The evidence keeps mounting that high and rising US health spending is due mostly to how intensively care is provided and the prices we pay. Disease prevalence is not the main driving force.
In recent paper in Health Affairs, Charles Roehrig and David Rousseau find that between 1996 and 2006,
increases in treated prevalence account for about one-fourth of overall growth in real per capita spending, with the remainder attributable to growth in cost per case. If cost per case had remained constant, the rate of increase in health spending would have been less than GDP growth by more than one percentage point. […]
Our evidence also suggests that most, and perhaps all, of the treated-prevalence effect is due to an increase in the share of eligible people being treated rather than an increase in clinical prevalence.
We conclude that health spending growth in excess of GDP growth is not primarily due to increases in clinical disease prevalence. Consequently, efforts to reduce future growth in disease prevalence—such as through prevention— although certainly providing many societal benefits if successful, are unlikely to reduce overall health care cost growth to levels lower than or equal to GDP growth. [Emphasis mine.]

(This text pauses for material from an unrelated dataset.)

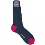 Высокие хлопковые носки от Bresciani в синем цвете с яркой пяткой и мыском. Состав: 100% хлопок.

Over the period of study, the growth rate in real per capita health spending was 3.8 percent and GDP per capita grew 2.1 percent. If the cost of care had remained constant, the rate of growth due to disease prevalence alone would have been 1.1 percent. Contrast this with the conventional wisdom that holding health spending below GDP + 1 percentage point growth would be a monumental victory in cost control.

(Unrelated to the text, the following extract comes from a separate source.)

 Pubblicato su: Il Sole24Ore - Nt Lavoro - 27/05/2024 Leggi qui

So, not only does the cost of care drive the rate of increase in health care spending, it is responsible for all of the increase in health spending above GDP growth. In fact, it is responsible for more than that. Here it is in a chart:
Some additional details:
- The authors’ analysis is based on National Health Expenditure, Medical Expenditure Panel Survey, and National Health and Nutrition Examination Survey data.
- I’ve blurred the distinction between treated prevalence and clinical prevalence (which includes those with a disease who are not treated) because the authors’ analysis shows the distinction does not matter a great deal, having no impact on the qualitative conclusions. At most, clinical prevalence contributed 0.3 percentage points to the 3.8 percent increase in real per capita spending.
- There is considerable variation by disease in the degree of contribution of prevalence to increased spending. For instance, all of the increase in spending of esophageal disorders was due to prevalence and almost none of the increase in nervous system disorders was due to prevalence.
Bottom line: prevention can’t play a major role in curbing the rate of growth in health care spending. The rationale for prevention is for health and other economic and social benefits (greater ability to work, enjoy leisure, etc.).